Goal of the exercise> Reproduce the listing below in full and exactly; no pictures belong in the copy.

___ Data below

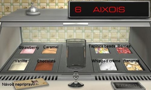 som si objednal "Creme de Glace". Potom pokračuj v rozhovore s Michel.
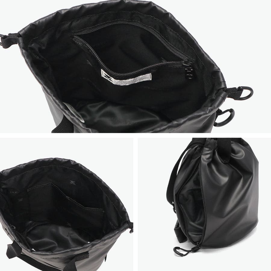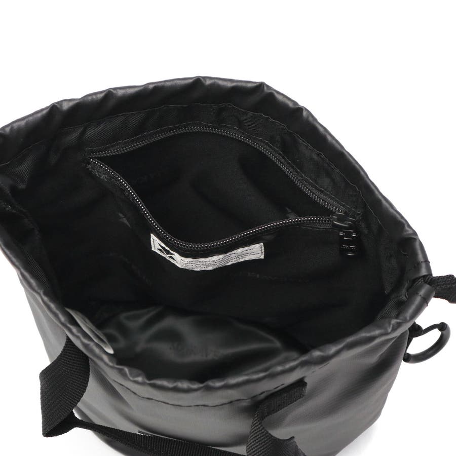 ミリタリーやアウトドアのエッセンスを加えたタフなデザインが特徴の『RICO』シリーズ。こちらは、巾着デザインの2WAYショルダーバッグ。ショルダーストラップを取り外せば、巾着バッグとしても使え、外側サイドに設けたポケットはスマホや小物を収納するのに便利。高い耐久性と防水性を持つリップストップ生地は、撥水性だけでなく引き裂けや摩耗にも強く、アウトドアからデイリーユースまで活躍。モノトーンのシンプルな印象とモード感を融合させた、ユニセックスでお使い頂けるアイテムです。
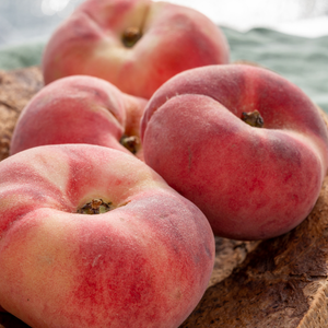 Les fruits sont plats et ronds, avec une peau jaune clair à rose. La chair blanche est juteuse, fondante et sucrée, avec un arôme délicat et une texture très agréable. Ces pêches sont parfaites pour la consommation fraîche, mais aussi pour la pâtisserie et la préparation de confitures.

______

Answer box>
 som si objednal "Creme de Glace". Potom pokračuj v rozhovore s Michel.
 ミリタリーやアウトドアのエッセンスを加えたタフなデザインが特徴の『RICO』シリーズ。こちらは、巾着デザインの2WAYショルダーバッグ。ショルダーストラップを取り外せば、巾着バッグとしても使え、外側サイドに設けたポケットはスマホや小物を収納するのに便利。高い耐久性と防水性を持つリップストップ生地は、撥水性だけでなく引き裂けや摩耗にも強く、アウトドアからデイリーユースまで活躍。モノトーンのシンプルな印象とモード感を融合させた、ユニセックスでお使い頂けるアイテムです。
 Les fruits sont plats et ronds, avec une peau jaune clair à rose. La chair blanche est juteuse, fondante et sucrée, avec un arôme délicat et une texture très agréable. Ces pêches sont parfaites pour la consommation fraîche, mais aussi pour la pâtisserie et la préparation de confitures.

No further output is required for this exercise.